So how is it that the Federal Reserve can "BUY" U.S. Treasury bonds...when they don't really have any money? Who makes the decision to flood the USA with $billions every month in an effort to jump start our consumer society? How do they decide when to pull that money out of the economy? How can they pull out the $trillions that they have created out of thin air without sinking our entire economy into a depression that would make the 1930's look tame?
Now check out this article that was in the Wall Street Journal today written by Phil Gramm, former Senate chairman of the Banking Committee.
I will post the very last paragraph first so you can see the reason for my blog posting title.
Never in our history has so much money been spent to produce so little good, and the full bill for this failed policy has yet to arrive. No such explosion of debt has ever escaped a day of reckoning and no such monetary surge has ever had a happy ending.

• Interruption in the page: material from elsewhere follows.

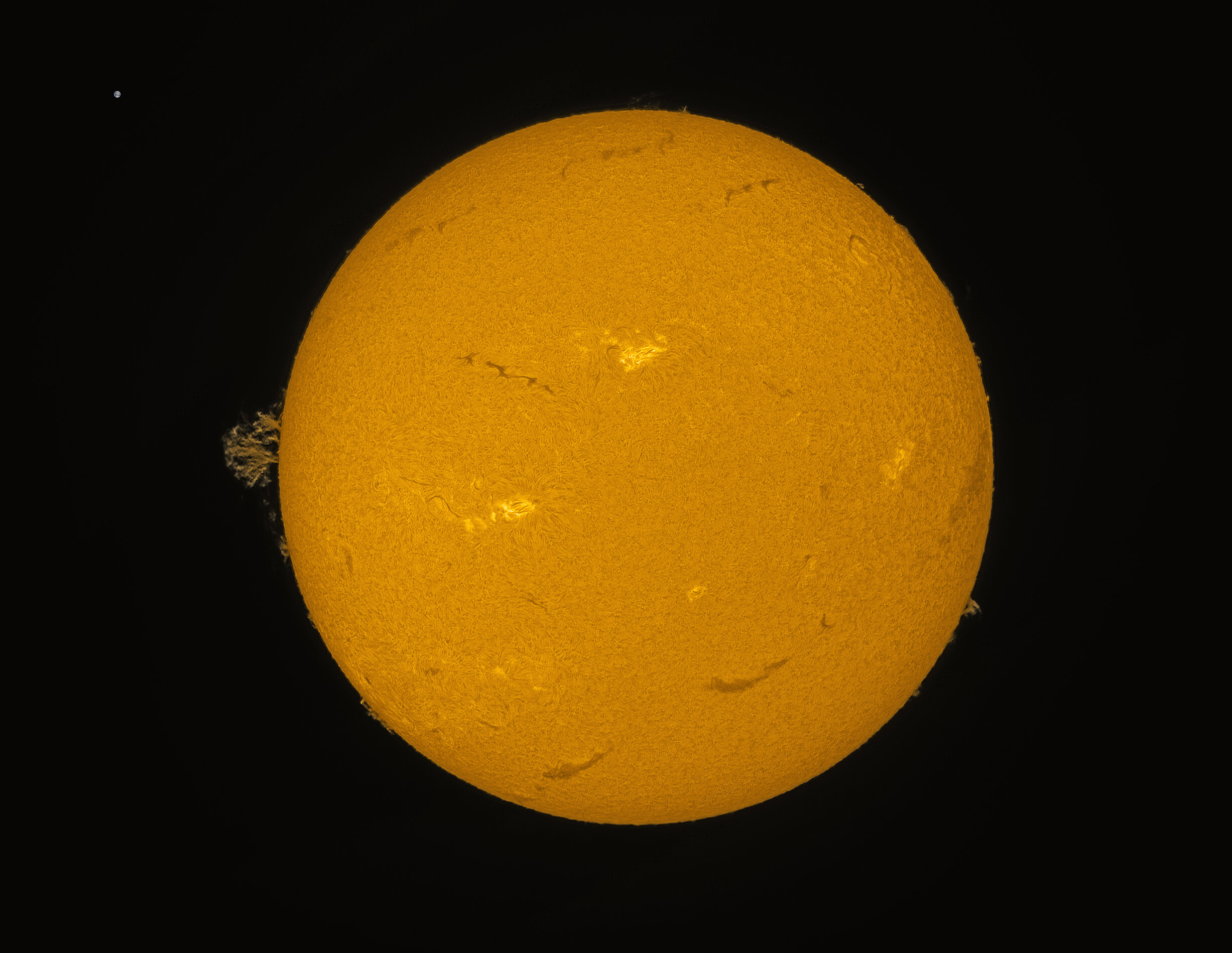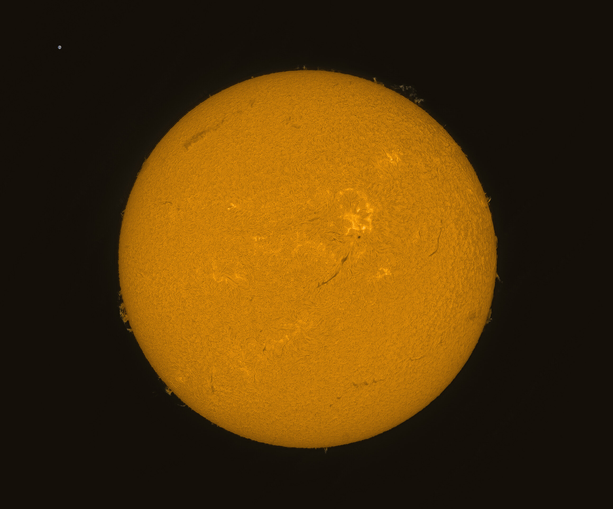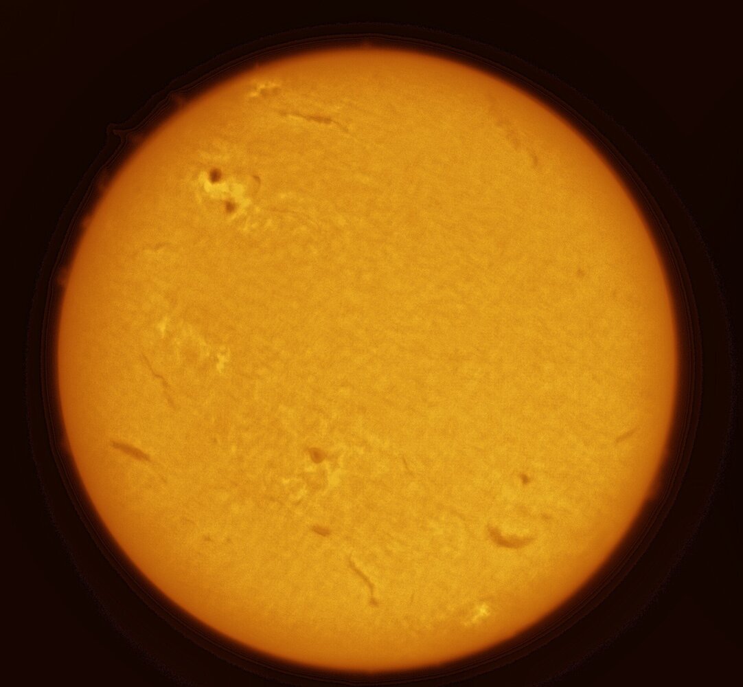 Bonjour, Reçu hier après-midi la lunette solaire H-Alpha Acuter Elite Phoenix 40/400mm. A peine déballé impossible de ne pas vite l'essayer entre les nuages. Malheureusement pas de grosse éruptions de chromosphère. Visuellement c'est très ludique de voir le soleil en temps réel. J'ai ensuite monté la camera ZWO ASI678MM à la place de l'oculaire. Et vite fait avec le logiciel de la camera que je ne connais pas encore AsiCapture. J'ai fais quelques vidéos avec les réglages par défaut. Une était un peu meilleure. J'ai donc stacké la vidéo avec Autostakkert que je ne connais pas vraiment (utilisé 2 fois sur la Lune). Le résultat probablement très perfectible est fini dans darktable et GIMP sous Linux. C'est donc un travail de débutant pressé de sortir une première image de son matériel (je n'ai même pas tourné le soleil dans le bon sens (je crois) 😊- 33 réponses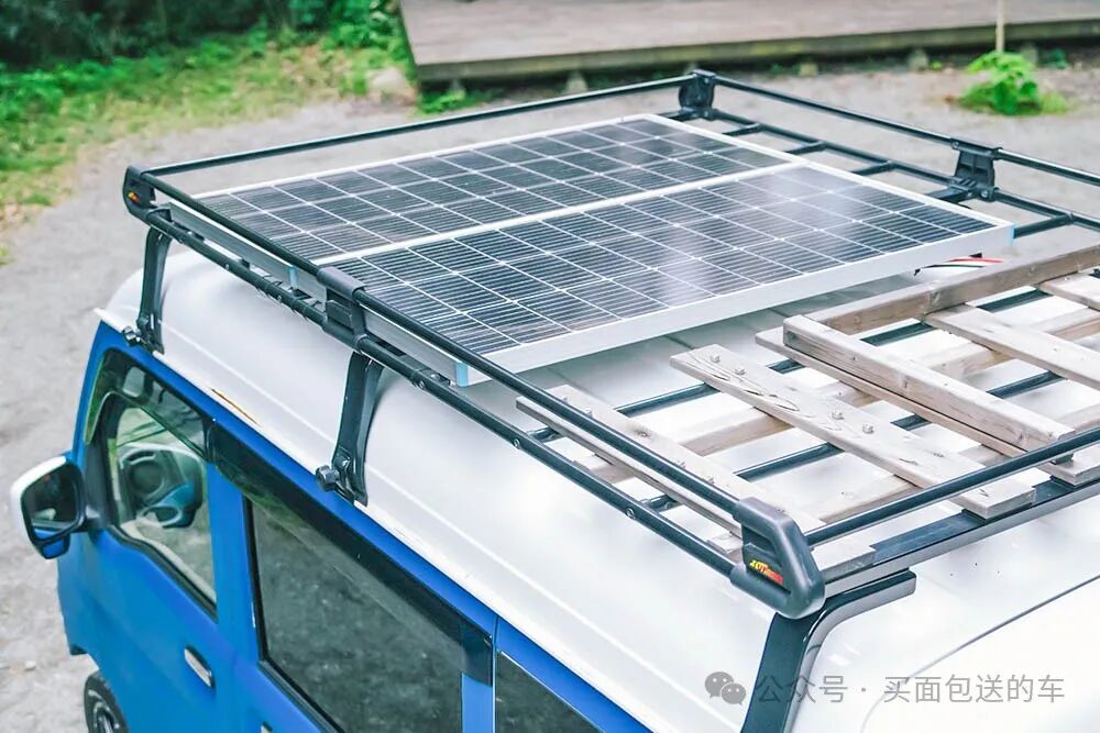 两块太阳能电池板并联连接,为车辆内部的移动电源供电。

Now here is how the article starts;
With the Senate Banking Committee on Thursday approving Janet Yellen's nomination to lead the Federal Reserve, her confirmation is virtually assured. Less certain is what Ms. Yellen ultimately intends to do with Fed policy on quantitative easing, now entering its 34th month. She is committed to maintaining QE for now, but does she have an exit strategy? The Fed needs one, because the economic stakes could not be higher.
If we listen to the Fed governors, the potentially explosive increase in the money supply inherent in the current $2.3 trillion of excess bank reserves won't be allowed to occur. At the first sign of a real economic recovery, the Fed will sell Treasurys and mortgage-backed securities (MBSs) to soak up excess bank reserves, or achieve the same result through repurchase agreements and paying banks to hold excess reserves.

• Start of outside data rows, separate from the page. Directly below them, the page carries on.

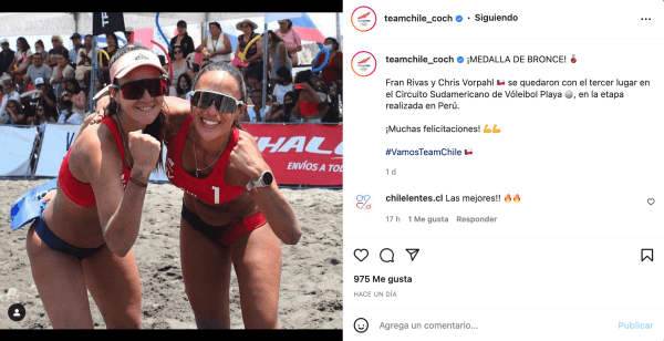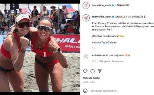 La dupla femenina de voley playa nacional, compuesta por Francisca Rivas y Chris Vorpahl, se quedó con el tercer lugar del circuito, luego de derrotarpor 21-10 y 21-15 a la pareja ecuatorianaKarelys Simisterra y Ariana Vilel, quienes se quedaron con el cuarto puesto y sin podio en esta jornada.
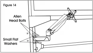 - Secure to uprights with two M6 x 35 mm or M6 x 50 mm Allen head bolts, two small flat washers and two hex nuts using an Allen wrench and 10 mm wrench. (See Figure 14)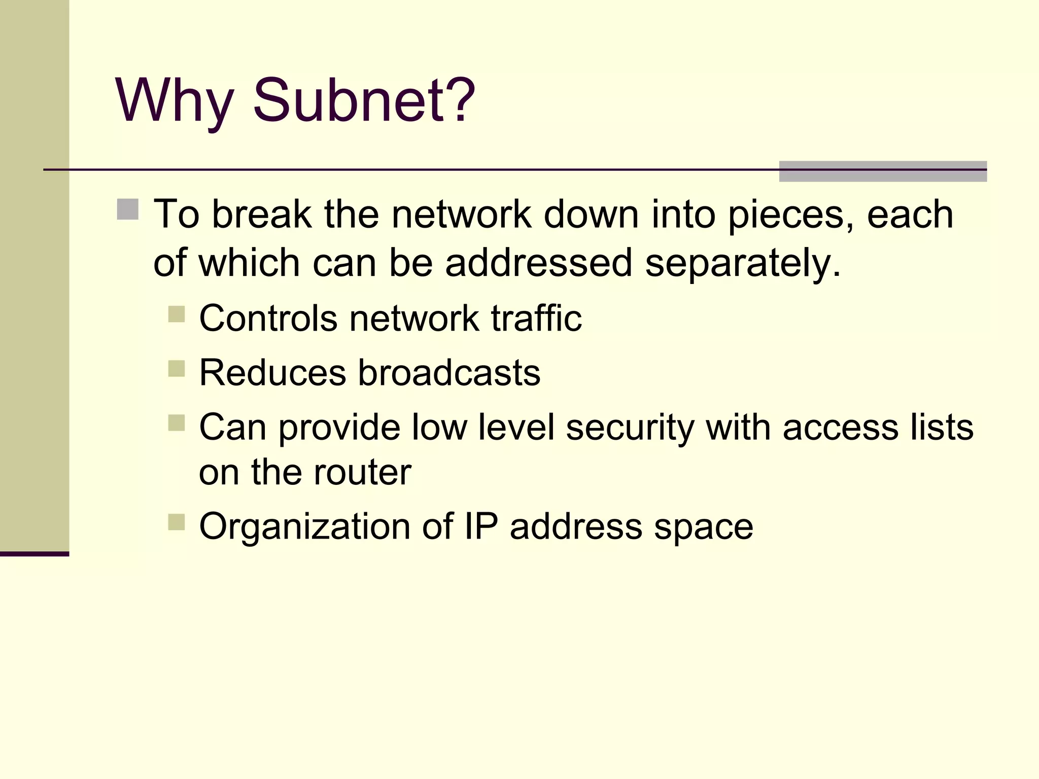 The document discusses subnetting by borrowing bits from the host portion of a default class C or class B IP address to create subnets, with examples showing how to determine the number of bits to borrow to get a desired number of subnets, and how this partitioning yields a specific number of usable subnets and hosts per subnet along with their IP ranges and subnet mask. It provides step-by-step explanations for subnetting sample class C and class B networks, determining subnet and host bit locations and quantities.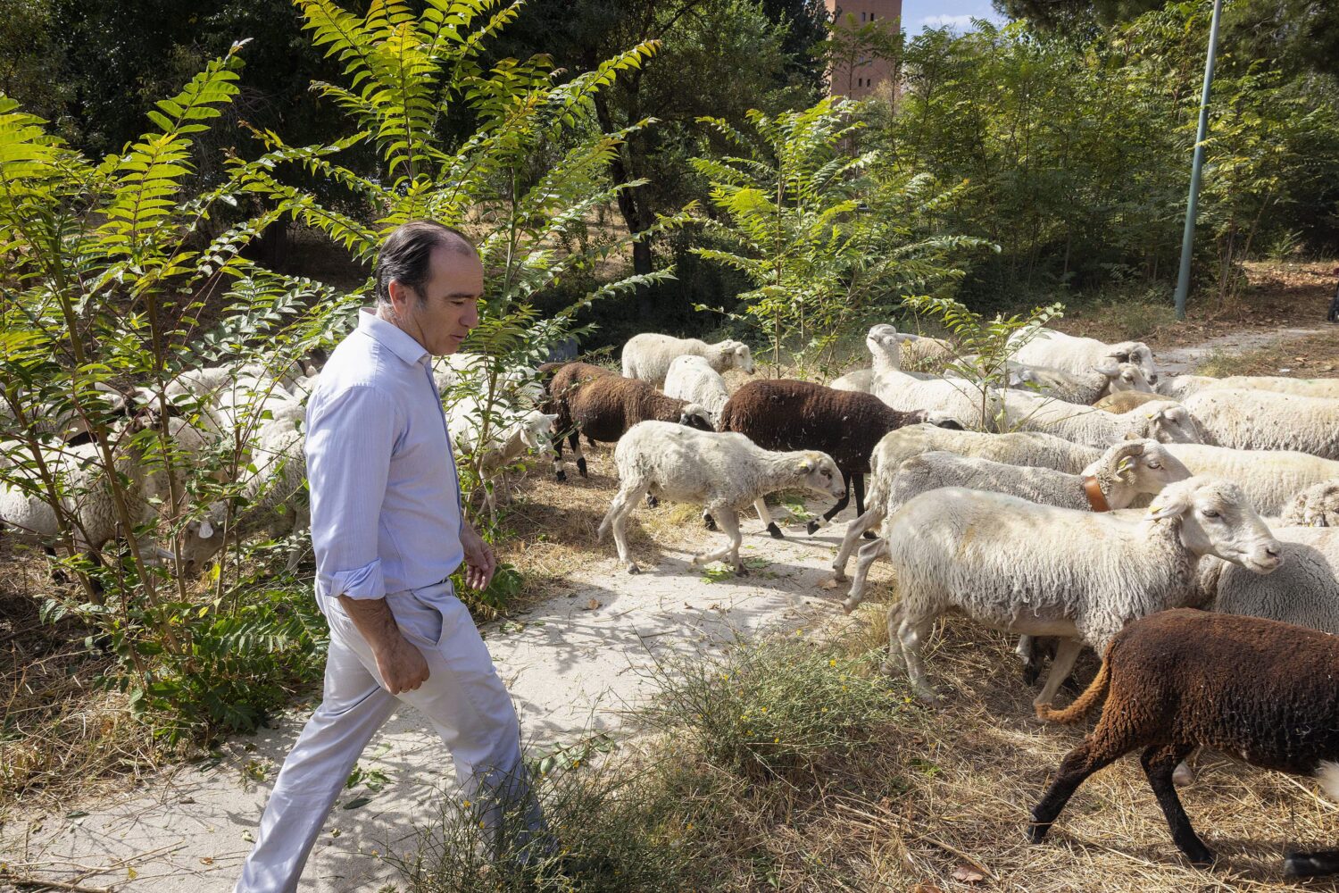El delegado de Urbanismo, Medio Ambiente y Movilidad, Borja Carabante, acompañado por el concejal de Limpieza y Zonas Verdes, José Antonio Martínez Páramo, ha dado la bienvenida este viernes a las 1.140 ovejas y cabras guisandesas provenientes de la Sierra de Gredos y Ávila, que el próximo domingo protagonizarán la Fiesta de la Trashumancia 2025 recorriendo las calles de la capital. Ha sido en Casa de Campo, junto a las Rejas del arroyo Meaques, donde los responsables municipales han saludado a Manuel Bahíllo Martín, secretario de la Fundación Trashumancia y Naturaleza. Asimismo, mañana se sumarán al rebaño llegado hoy otras 120 cabras de la zona de Guadarrama.

It sounds simple, but in a full-blown recovery the Fed will have to execute its exit strategy quickly enough to keep the inflation genie in the bottle without driving interest rates up to levels that would derail the recovery. And every month that the Fed's monetary expansion continues, its exit strategy becomes more difficult and dangerous.
The last time the Fed tried to absorb the excess reserves of the banking system by dramatically raising reserve requirements was in 1936. Then, a less than doubling of reserve requirements helped send the economy back into the depression.

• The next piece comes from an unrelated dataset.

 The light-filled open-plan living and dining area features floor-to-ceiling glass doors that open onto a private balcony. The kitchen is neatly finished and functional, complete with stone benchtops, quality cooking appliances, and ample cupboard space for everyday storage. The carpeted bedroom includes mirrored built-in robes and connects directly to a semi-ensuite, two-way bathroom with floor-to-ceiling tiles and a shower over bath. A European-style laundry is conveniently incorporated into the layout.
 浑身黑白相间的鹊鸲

The weakest recovery in the post-war period was bought with a fiscal policy that doubled the national debt held by the public and a monetary policy that expanded the monetary base at a rate not approached in the modern era. The monetary expansion that started as a response to the subprime crisis has evolved into a prolonged and largely unsuccessful effort to offset the negative impact of the Obama administration's tax, spend and regulatory policies.
I smile at people who shrug when talk turns to another Depression....they say, "Oh well, we made it through one 70-80 years ago and we can make it through another one."
What?? Umm....YOU never made it through a Depression...plus the people of today are NOT made from the same stock that our grandparents were made of. During the last one most of America was living on subsistence farms and had a chicken and pig in their back yard and 70% of the country had no electricity.
Today people couldn't make it 12 hours if all the money became worthless. No doubt MAYHEM would break out in a hurry.